Material supplied –
========
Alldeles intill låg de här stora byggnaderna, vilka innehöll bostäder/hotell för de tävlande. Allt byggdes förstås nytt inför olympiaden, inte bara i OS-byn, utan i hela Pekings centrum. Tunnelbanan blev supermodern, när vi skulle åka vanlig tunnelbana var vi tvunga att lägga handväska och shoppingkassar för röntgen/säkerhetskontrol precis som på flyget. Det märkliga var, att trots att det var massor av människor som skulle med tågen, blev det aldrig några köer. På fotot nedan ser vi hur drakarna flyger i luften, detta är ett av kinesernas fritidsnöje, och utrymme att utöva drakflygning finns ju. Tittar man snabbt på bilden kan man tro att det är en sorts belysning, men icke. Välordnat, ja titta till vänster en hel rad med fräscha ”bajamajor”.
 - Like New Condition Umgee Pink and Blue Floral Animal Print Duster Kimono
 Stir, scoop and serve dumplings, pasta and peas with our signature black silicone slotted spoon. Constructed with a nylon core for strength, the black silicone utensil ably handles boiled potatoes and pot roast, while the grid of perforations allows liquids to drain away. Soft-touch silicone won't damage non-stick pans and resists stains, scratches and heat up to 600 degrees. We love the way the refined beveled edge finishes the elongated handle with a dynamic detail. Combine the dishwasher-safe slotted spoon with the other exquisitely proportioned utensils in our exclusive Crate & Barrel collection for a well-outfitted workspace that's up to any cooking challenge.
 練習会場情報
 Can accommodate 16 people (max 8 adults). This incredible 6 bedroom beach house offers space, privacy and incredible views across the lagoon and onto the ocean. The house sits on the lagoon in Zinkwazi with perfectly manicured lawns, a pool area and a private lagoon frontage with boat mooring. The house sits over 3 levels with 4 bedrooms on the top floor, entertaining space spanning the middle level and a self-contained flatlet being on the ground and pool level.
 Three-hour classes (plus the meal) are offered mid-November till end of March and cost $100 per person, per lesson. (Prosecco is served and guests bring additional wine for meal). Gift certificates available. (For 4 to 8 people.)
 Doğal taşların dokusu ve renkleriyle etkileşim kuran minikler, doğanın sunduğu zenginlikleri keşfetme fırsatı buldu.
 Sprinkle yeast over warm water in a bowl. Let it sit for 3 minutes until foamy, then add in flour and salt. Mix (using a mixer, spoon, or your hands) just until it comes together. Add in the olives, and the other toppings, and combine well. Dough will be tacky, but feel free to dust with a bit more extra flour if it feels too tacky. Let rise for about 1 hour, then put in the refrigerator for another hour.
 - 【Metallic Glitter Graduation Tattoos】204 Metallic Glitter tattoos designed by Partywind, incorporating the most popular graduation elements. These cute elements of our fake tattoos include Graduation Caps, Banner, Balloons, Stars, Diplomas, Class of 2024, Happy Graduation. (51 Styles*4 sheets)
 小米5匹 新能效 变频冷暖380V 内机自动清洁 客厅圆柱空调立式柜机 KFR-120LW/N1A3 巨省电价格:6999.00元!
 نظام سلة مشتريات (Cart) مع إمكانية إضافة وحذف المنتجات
========
Assignment – Copy exactly the lines running from the one that contains "小米5匹 新能效 变频冷暖380V" to the end of the material, both ends included.

Exercise answer –
 小米5匹 新能效 变频冷暖380V 内机自动清洁 客厅圆柱空调立式柜机 KFR-120LW/N1A3 巨省电价格:6999.00元!
 نظام سلة مشتريات (Cart) مع إمكانية إضافة وحذف المنتجات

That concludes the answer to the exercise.